After college, she moved back to Finland, knowing she wouldn't make as much
money there as she would in the USA.

But she also mentioned she wouldn't need to. There, she didn't have to worry
about saving money for her kid's college and a medical emergency was
affordable without touching into life savings. Buying a house was the big she
could think of saving money towards.

------
TangoTrotFox
It's easy to understand why people may not believe that prosperity has
increased across the board. I also used to believe this, but after looking at
the data I'm not entirely sure what it is that drives our perception. This [1]
paper from the urban institute is something I found precisely when looking to
put specific numbers to the hollowing out of the middle class and the overall
decline, or at least stagnation, of prosperity.

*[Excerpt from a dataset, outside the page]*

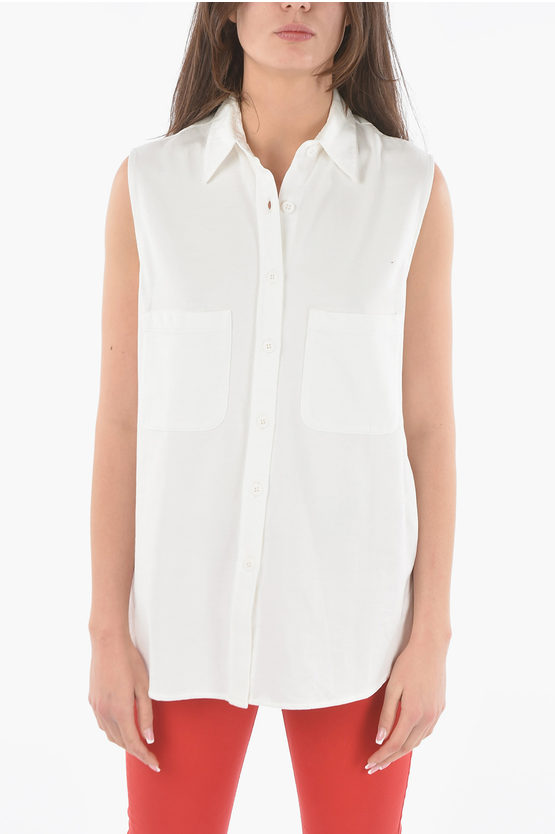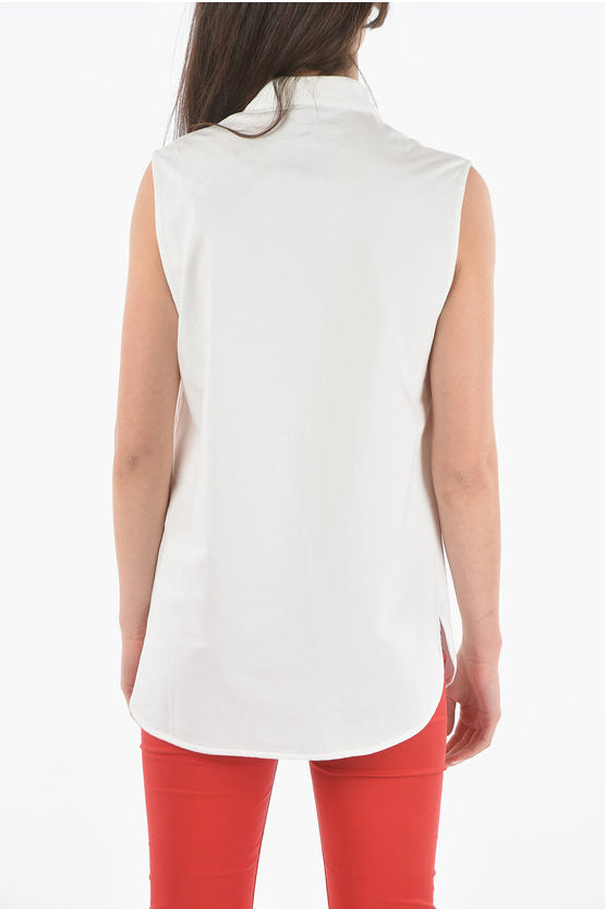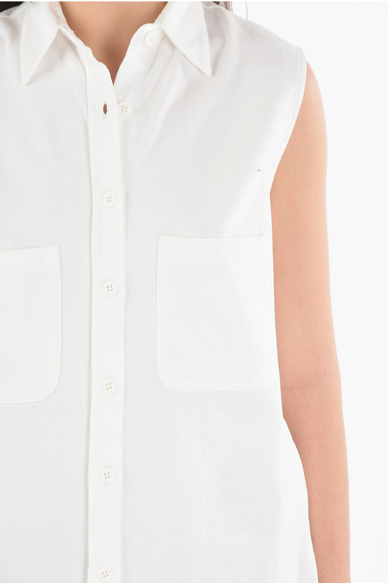 コットン スリーブレス マキシ シャツ ウィズ ダブル ブレスト ポケット

The paper does describe that hollowing out in clear detail. In 1979 the middle
class controlled 46% of all income and the upper/rich classes controlled 30%.
Today (as of 2014) the rich and upper class control 63% and the middle class's
share of society has been reduced to 26%. There's even been a chiseling out in
the size of the middle class declining from 38.8% to 32%. And that's pretty
much where most articles tend to leave off the state of economic change. It's
all true and it sounds pretty grim.

But context, as always is, is everything. This is the change in the size of
each economic group from 1979 to 2014 as a percent of the total population:

\- Rich: 0.1% -> 1.8%

\- Upper Middle Class: 12.9% -> 29.4%

\- Middle Class: 38.8% -> 32%

\- Lower Middle Class: 23.9% -> 17.1%

\- Poor or Near-Poor: 24.3% -> 19.8%

The reason the top's share of income has increased is because people are
moving, at an incredibly rapid pace, from the lower classes the upper classes.
Statistics like this are certainly subject to biased interpretation and
'massaging' \- though I think the paper is extremely transparent in their
methodology. But if one is curious about the source, wiki has a section on the
political stance of the Urban Institute [2]. I found this all eye opening to
the point that it actually changed my worldview. Economically we are doing
something _very_ right.

[1] - [https://www.urban.org/research/publication/growing-size-
and-...](https://www.urban.org/research/publication/growing-size-and-incomes-
upper-middle-class)

[2] -
[https://en.wikipedia.org/wiki/Urban_Institute#Political_stan...](https://en.wikipedia.org/wiki/Urban_Institute#Political_stance)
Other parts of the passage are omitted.